At some point during the day, Rush found out some of the kids were Hoopa, a tribe with traditional homelands and waters reaching throughout Northern California and the Trinity River Basin. “That’s where he comes from. That’s what he knows. That’s his river, you know? And so for him to be able to see that he can bring so much value to these kids through something that brings him joy, that was so beautiful.”

Paul and Rush already have their eye on something big: Organizing 16 Klamath youth to paddle the first descent down a newly freed Klamath River. If all goes as planned, the removal of four dams on the Klamath River will begin in early 2023, freeing 400 miles of the river.

“This is a war that’s been fought for over 100 years. This is the largest dam removal in history and who better to have that focal point than Klamath tribal youth that are rekindling their relationships with this river in one of the most intimate ways possible—in a hard-shell kayak,” Paul said.

This isn’t work for Paul, it’s his purpose. He says he’s been fighting to free this river since before he was born, and his father before him. He beams and I can hear the smile in his voice as he talks about what it will feel like to paddle on a free-flowing Klamath with kids from his tribe.

“This is why we do it,” he said. “This river has taken care of us for tens and hundreds of thousands of years. We have this opportunity to renew the relationship with the river and the entire world’s going to see it.”

More than anything, Paul said it’s about giving those kids the moment, the opportunity to fully embody the joy of paddling on the river that generations of ancestors have fought to free. “Time is so precious, but if we forget to feel that joy, that celebration, that relationship that’s necessary to continue this work, then we lose what it’s about.”

As Paul and his team keep their eye on 2023, he said his mornings on the Wood River bring him home in more ways than one, “It centers me.
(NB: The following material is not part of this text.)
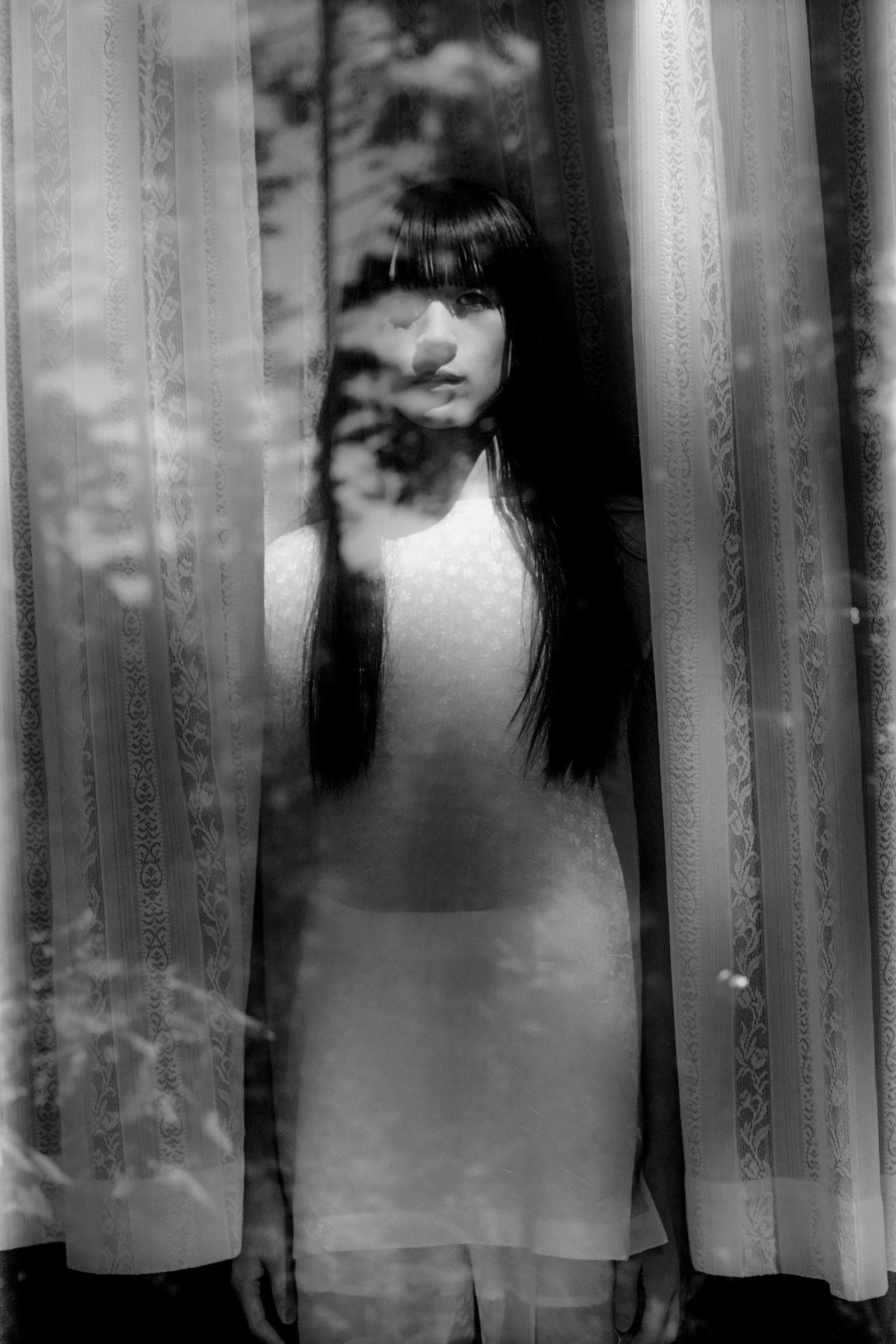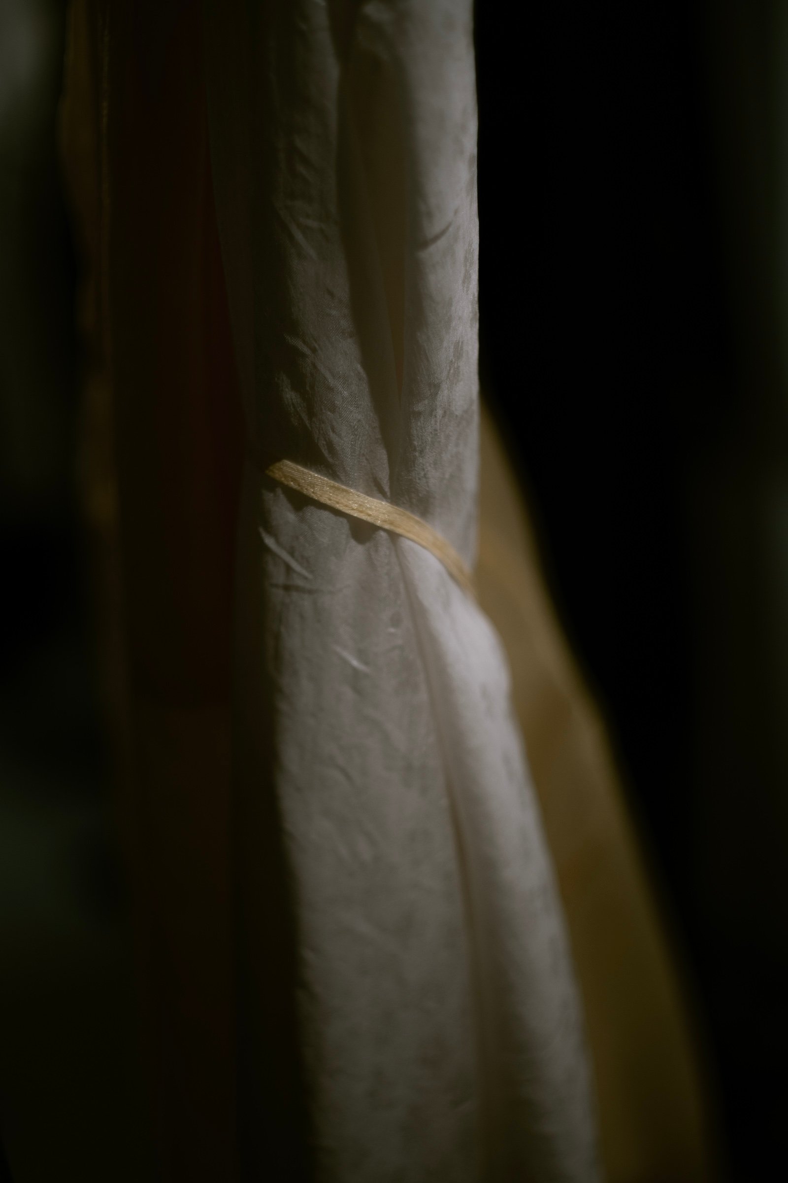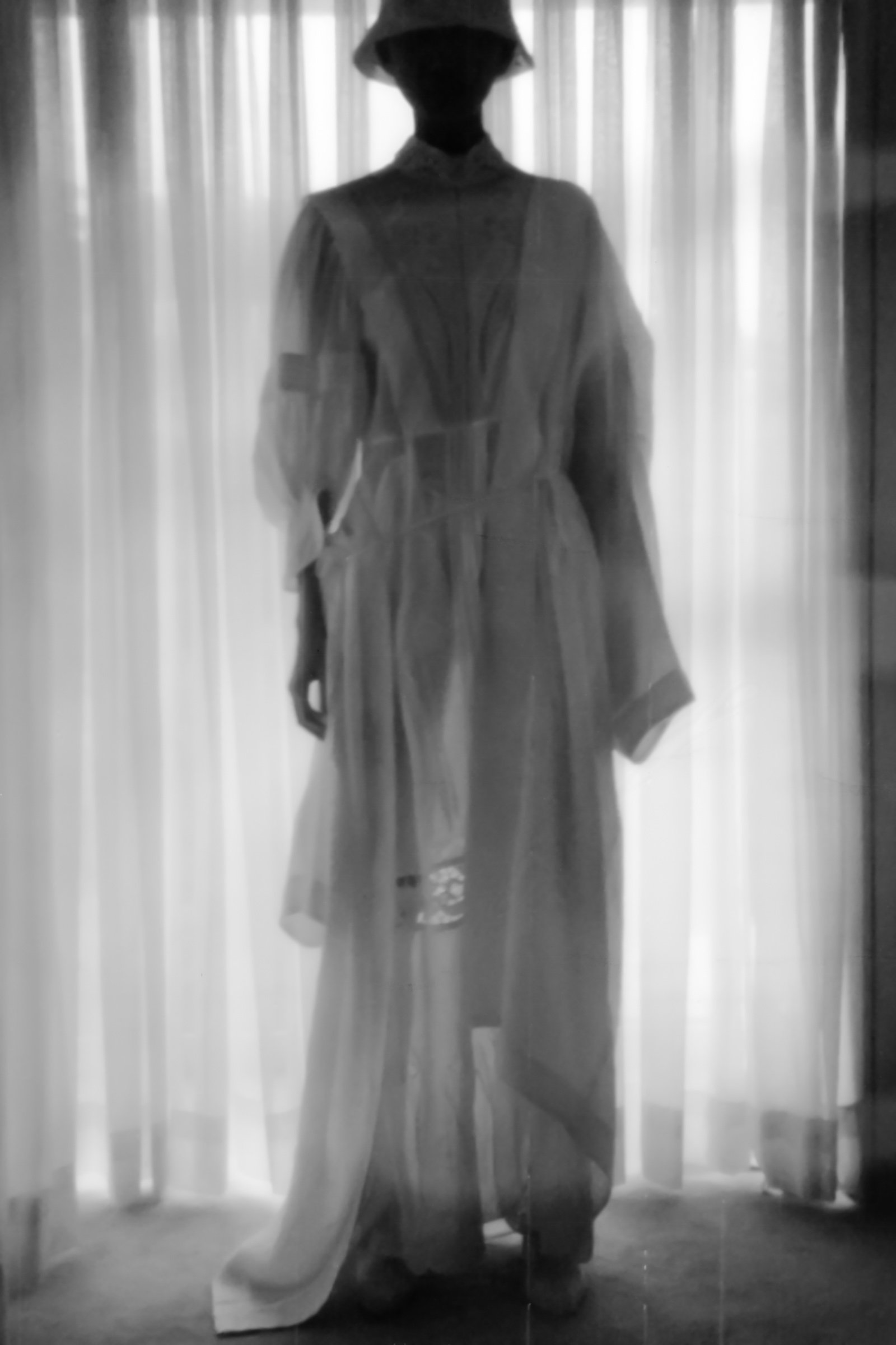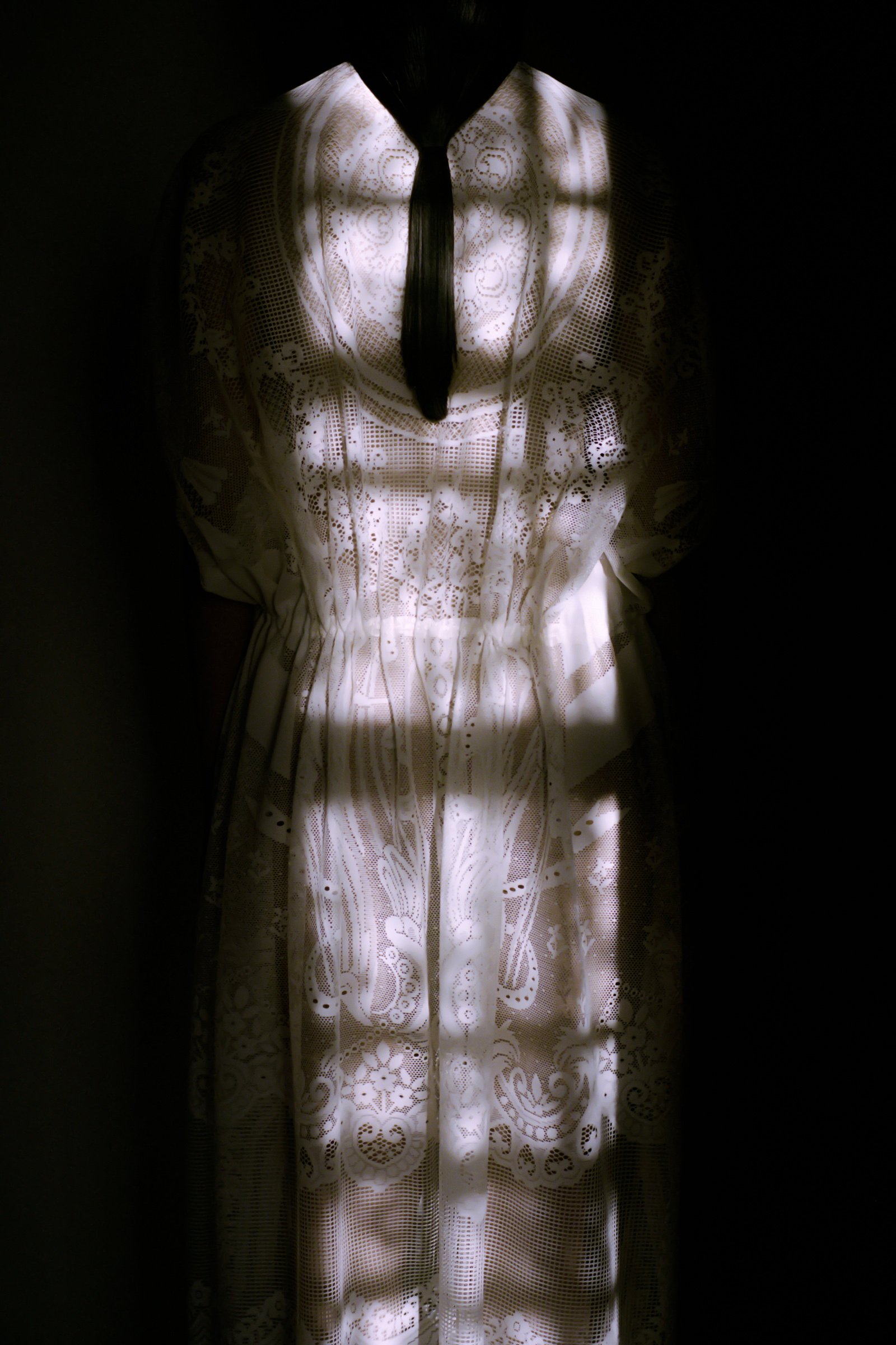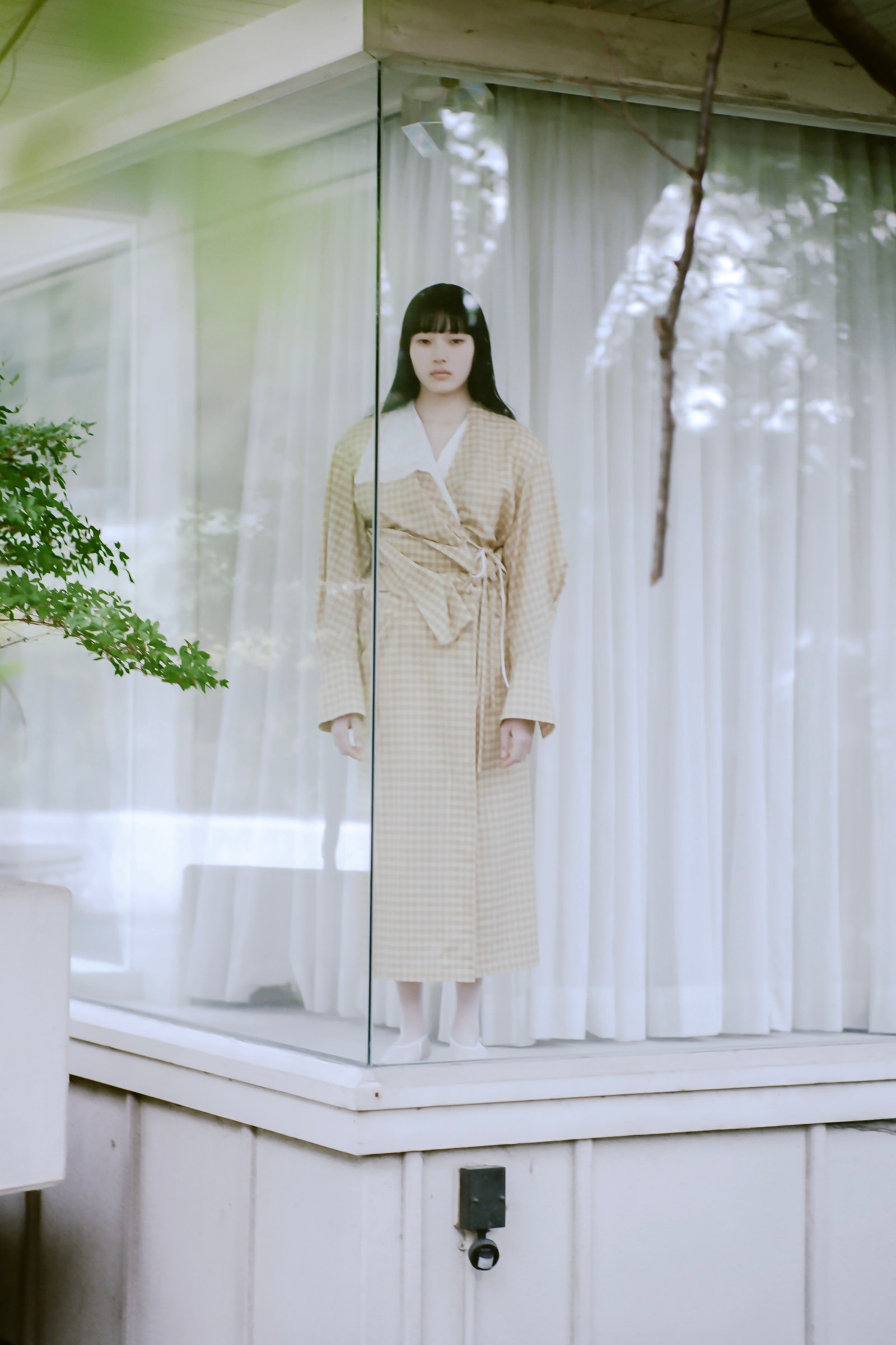 穏やかな時間が流れる中、毎日部屋の中から眺めていたのは、窓と窓から見える景色。窓と対話したり、買い物の帰り道に誰かの家の窓を眺めて想いを馳せたり。生活に根付くカーテンを窓に掛ける感覚でファブリックを選び、またカーテンをドレスのように身体に巻き付けるなど、子どもの頃に戻ったかのような純粋な気持ちでコレクション制作に臨むことができたという。

It reminds me that I’m here—and why I’m here.”

“That’s what I ask everybody to do. Just find any time today to go and interact with your river or creek, or whatever that looks for you. Go and find it and be present with it.”

Editor’s Note: Guest contributor Emily Nuchols is a writer, river advocate and the founder of Under Solen Media, a Portland, Oregon-based creative company with a cause. She has also been known to throw one hell of a party and wholeheartedly believes that celebration is at the core of great work—and that we can save the world one party at a time.

A shorter version of this profile first appeared in Kayak Session’s #82 Summer Issue.  The River Warriors series highlights paddlers who do more than paddle.